Posted:August 12, 2014

From http://www.slowfamilyonline.com/tag/tinker-toy/Defining the Guideposts for Big Data

In our recent two-part series we described a decade of experience working in the semantic Web (Part I) and our view that Big Structure, which resides at the nexus of the semantic Web, knowledge bases and artificial intelligence, was a key component of making sense of Big Data going forward (Part II). We are at a time when multiple advances are conjoining to create new opportunities and excitement.

Data without context and relationships is meaningless. The idea of Big Data is powerful, but it is often presented as either a “good thing” in and of itself, or a mantra for something that is rather undefined. There is no doubt that with the Internet and the Web we are now able to generate and access data at unprecedented scale. There is also no question that tracking mechanisms and cheap storage — and simpler, large-scale databases and Web services — mean that we can also capture data and structure of natures previously unseen. Everyone knows the remarkable growth in exabytes and more.

The prospect of data everywhere — some useful with important context and some not — has clearly captured the current discussion. Heck, if we claim Big Data, we even make more in wage or consulting charge-out fees. Who can argue with that?

Well, actually, anyone interested in meaningful data or cross-dataset interoperability can argue with that. Big Data is great, except it means little if we can not combine that data across multiple sources for potentially multiple purposes. (Remember, one of the “V’s” of Big Data is variability.) Once the question of what data means gets brought to the fore, it is now time for context and relationships. Structure in an information context means that which situates or describes data in an interpretable way. Big Data needs a Big Structure complement to make sense of it all.

What is a Big Structure?

Big Structure is data relationships and context that can be combined into a coherent framework to enable dataset interoperability and understanding. By necessity, Big Structure implies that the meaning of data can be understood and its values can be brought to common bases such that analysis, testing and validation can be applied across values. Big Structure is not a monolithic thing, but the combination of multiple things that give data meaning and context. As such, Big Structure is often a re-purposing of existing structural assets, plus other special sauce, organized for the aim of data interoperability.

Big Structure is data relationships and context that can be combined into a coherent framework to enable dataset interoperability and understanding.

The components of Big Structure can be identified and characterized. These components can be assessed for usefulness and authoritativeness, and then incorporated into broader structures that ultimately bring the topics of what the data is about and the values of that data into alignment. Thus, Big Structure is also a mindset and approach to selecting and combining structures such that broad dataset interoperability can be achieved.

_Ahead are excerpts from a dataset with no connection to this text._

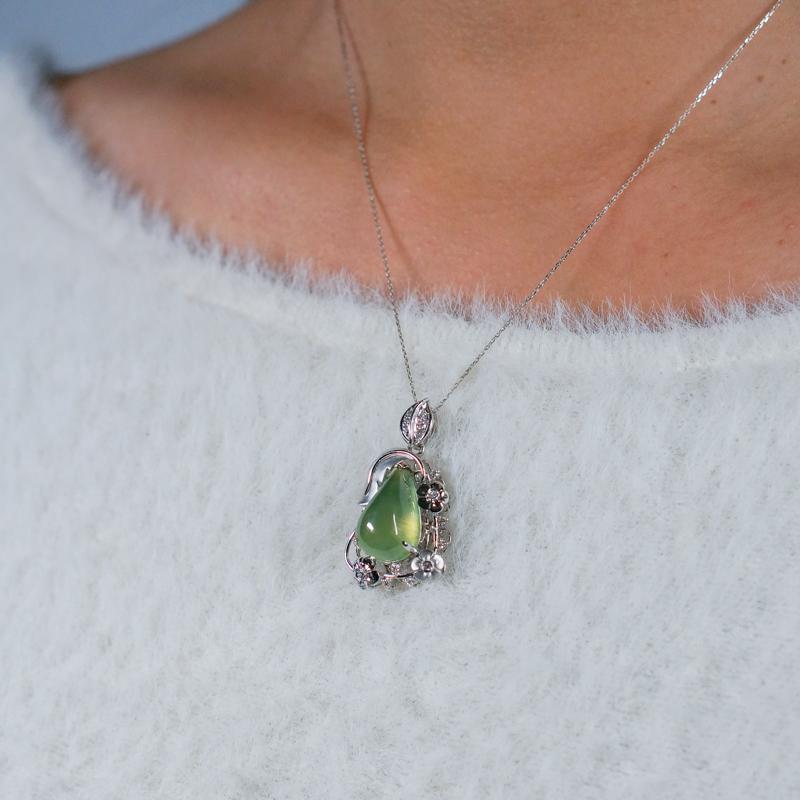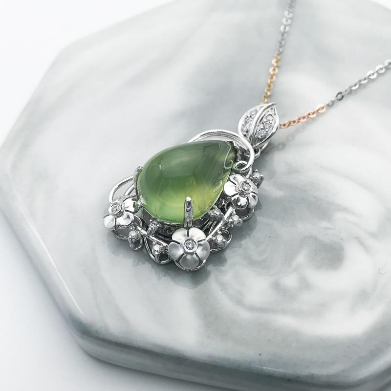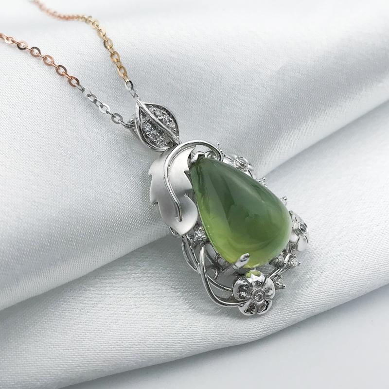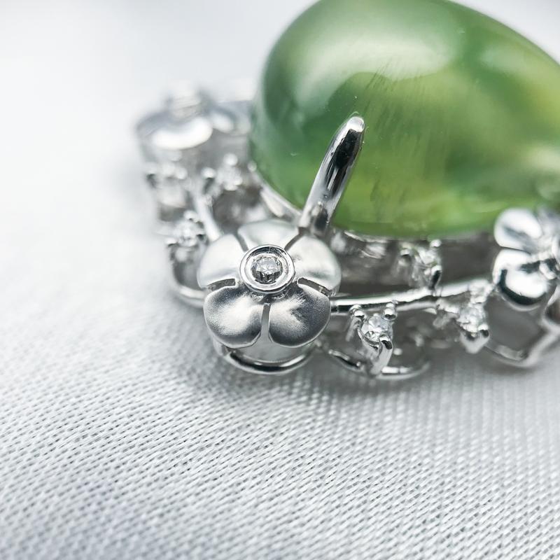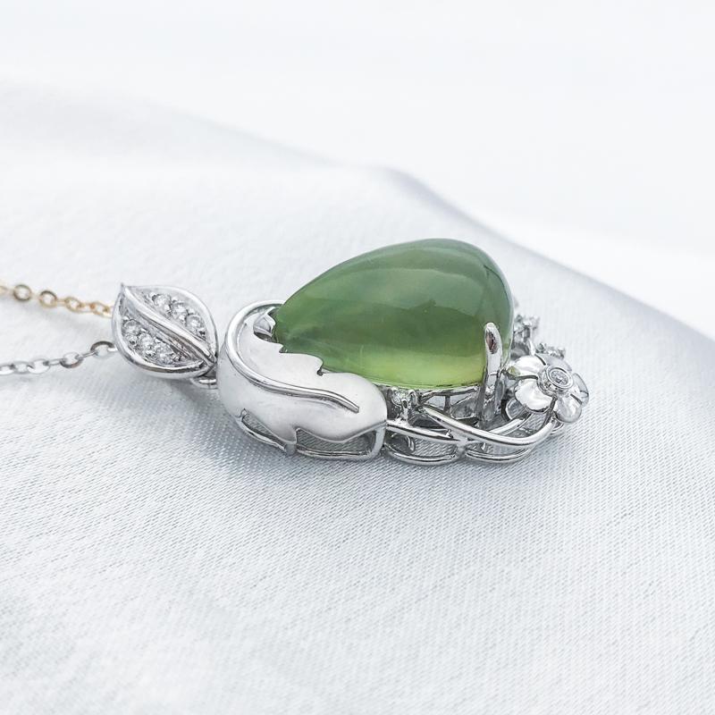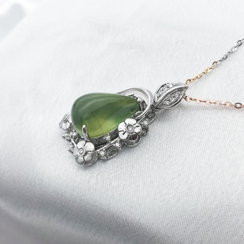 【商品名稱】葡萄石花草鑲鑽K金墜飾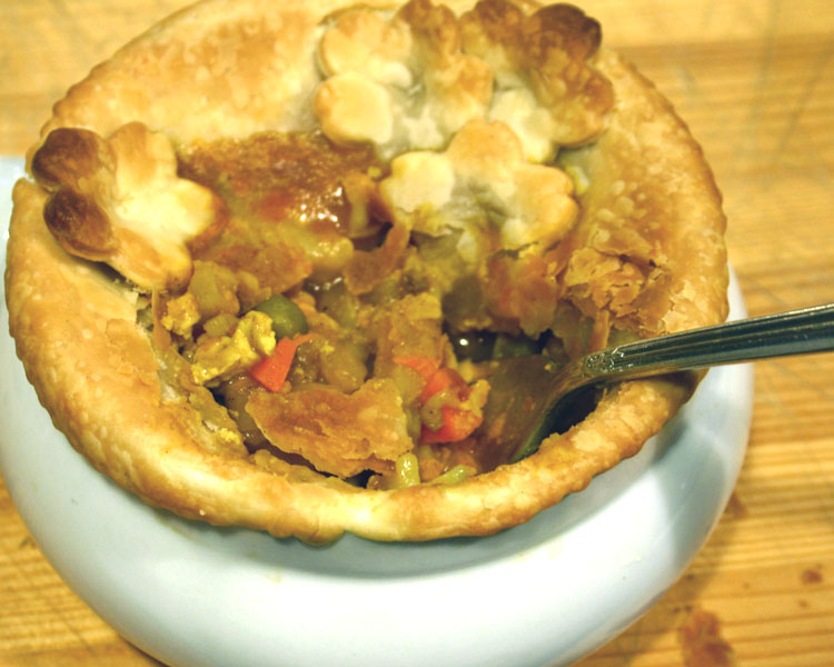 Preheat oven to 400. Fill two ramekins, small casserole dishes, or french onion soup bowls with some of the curried veggies. Top with the crust and pinch around the edge of the dish. Cut slits in the crust for venting. Bake for about 30 minutes or until bubbling and crust is golden. Cover the crust with foil if it starts to get too brown before its bubbling. Remove from oven and cool for about 10 minutes before serving.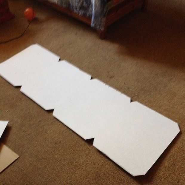 una vez tuve cuatro tiras que ligeramente marqué en las partes donde era agregar un pliegue y luego los dobla en cuadrados, taping en la articulación al actuar como cuatro apoya y unido a las esquinas exteriores de la base. como se puede ver debido al borde curvado que los soportes delanteros son un poco más atrás. Esto tenía el efecto interesante de crear otro espacio de rastreo de nyx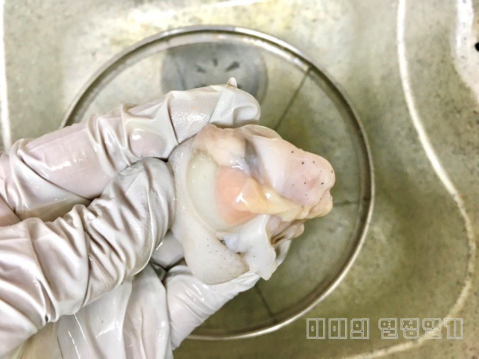 ▲ 다리 안 쪽으로 뒤집으면 입이 보입니다. 이 부분은 제거하시길 권장합니다. 딱딱하고, 식감도 좋지 않습니다.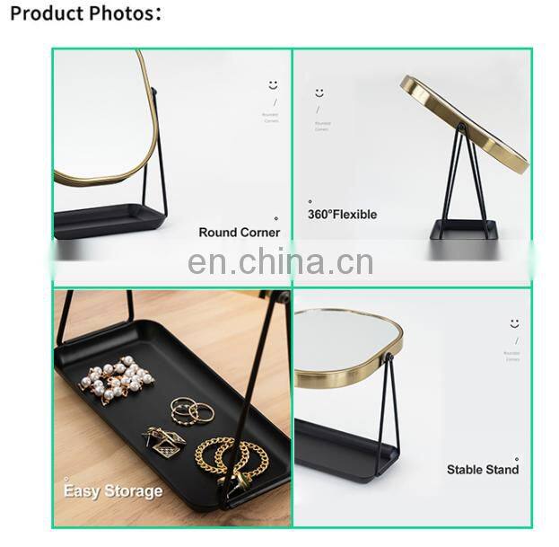 Latest Design Hot Selling Makeup Mirror Black Frame Standup Mirror Storage Metal Mirror for Makeup
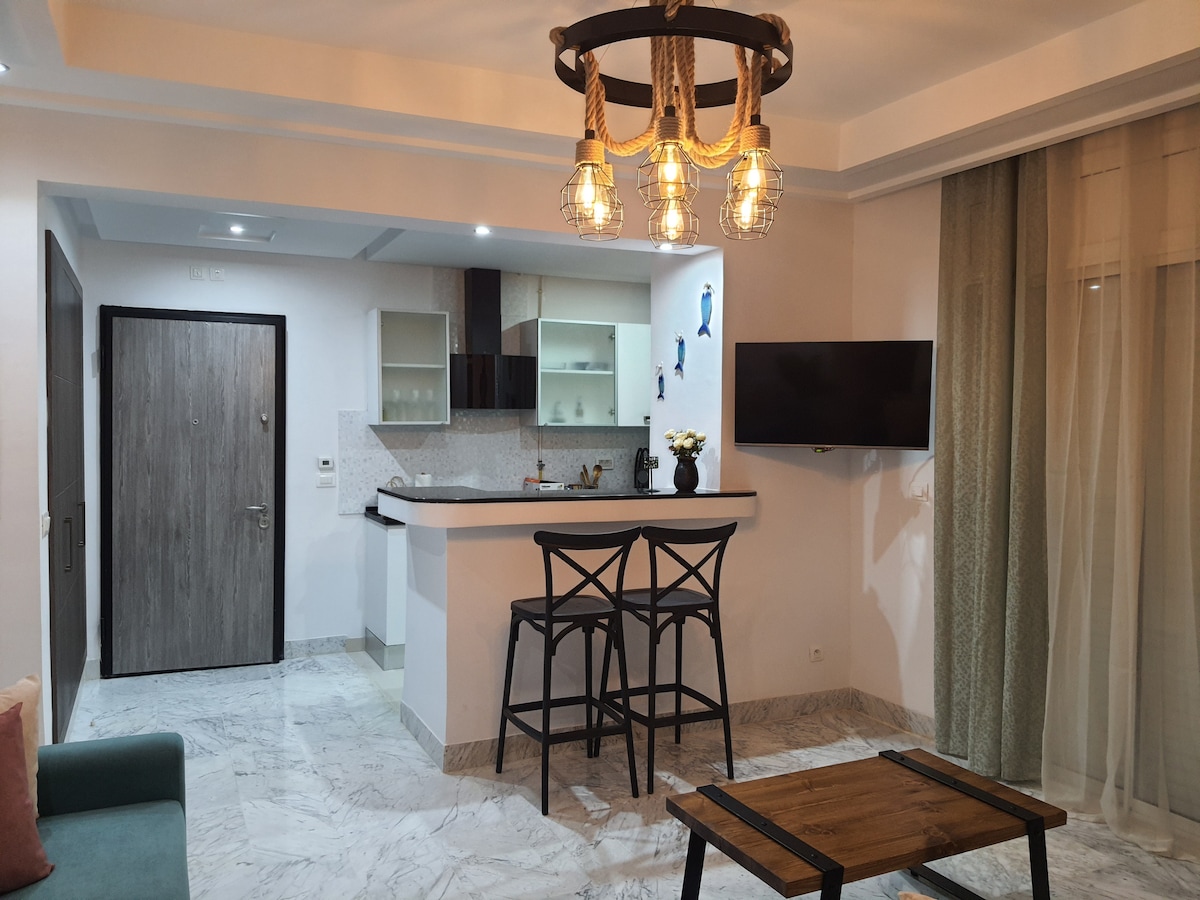 Peaceful and 📍centrally-located place. 5 minutes from the beach 🐟🐠🐙 well located close to shops, cafes, restaurants 🍔🍕🍟🍣🍱 The accommodation consists of 3 rooms, living room, well-equipped kitchen and modern bedroom. the cozy s+1 is finely decorated with light and practical furniture. Guest access guests have access to all the amenities available in the apartment.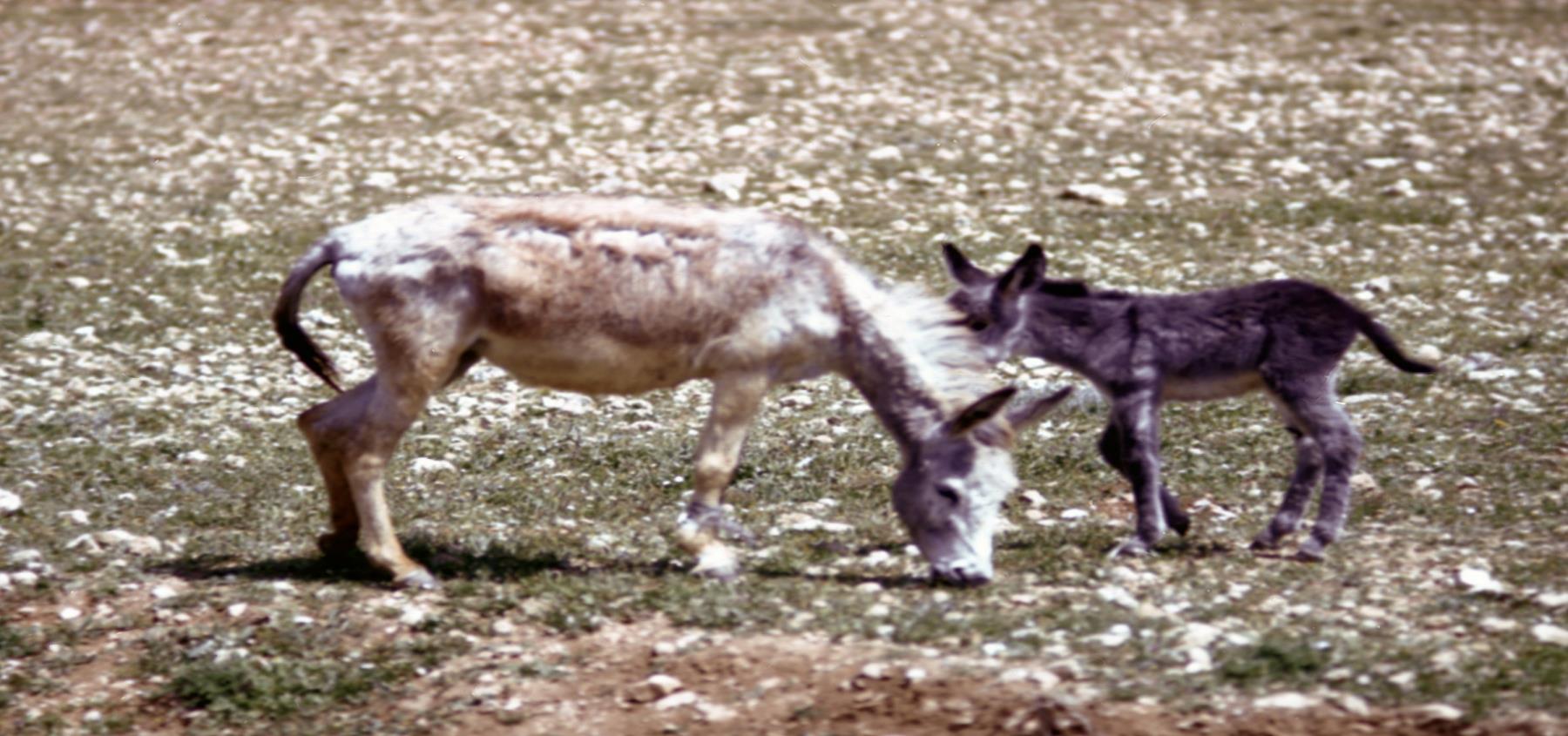 donkey; ass; saddle; eating; feeding; beast; burden; bridle; livestock; domestic; blanket; field; grazing; mammal; animal; donkeys; asses; saddles; beasts; burdens; bridles; blankets; fields; mammals; animals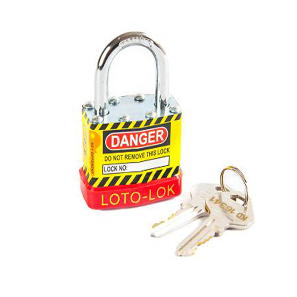 Loto Lok 2PTPSRKDS24 Laminated Steel Safety Lockout Padlock Red Laminated Steel Safety Lockout Padlock, Steel Body, REGULAR Shackle, with RED color Bumper. Laser engraved Key No. on Key and padlock body for easy identification.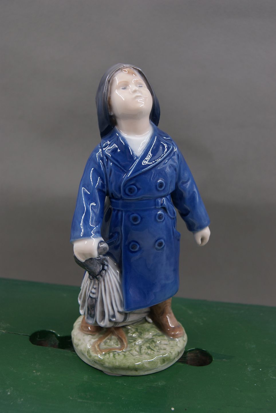 Royal Copenhagen porcelænsfigur nr. 3556, Dreng i regnfrakke med paraply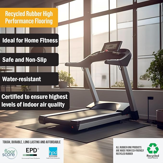 - ADAPTABLE FOR DIVERSE EXERCISES: Approved for a variety of hard surface exercise applications, our mat is perfect for home gym flooring, stretching, free weights, powerlifting, yoga, CrossFit, kettlebells, jump rope, and placement under cardio equipment like treadmills, spin bikes, rowing machines, and ellipticals. Note: Not recommended for installation over carpet.

Big Structure is actually a continuum or family of concept and data relationships, any one of which is also a contributor to helping to map and interoperate data. Ultimately, the components of Big Structure get combined into reference graph structures that place the concepts and actual data values of the Big Data into context. There are certain ways to use and organize existing structures to achieve these Big Structure objectives; some of these ways are described in this article.

Once the components of Big Structure are combined into these reference graphs we then can also use network or graph analysis to understand the relationships amongst the constituent data items. This recursive nature of graph reference structures to organize the constituent data and then to use those graphs to analyze the data is one of the hallmark characteristics of Big Structure.

Big Structure thus involves the need to identify and then organize constituent forms of structure into coherent reference frameworks. Concepts in contributing datasets are then mapped to these structures, and the attributes and values of the underlying data are also transformed into canonical representations. It is these mappings and transformations that provide the interoperability of Big Structure. Big Structure therefore continues to evolve by adding more and more reference structures, all coherently organized.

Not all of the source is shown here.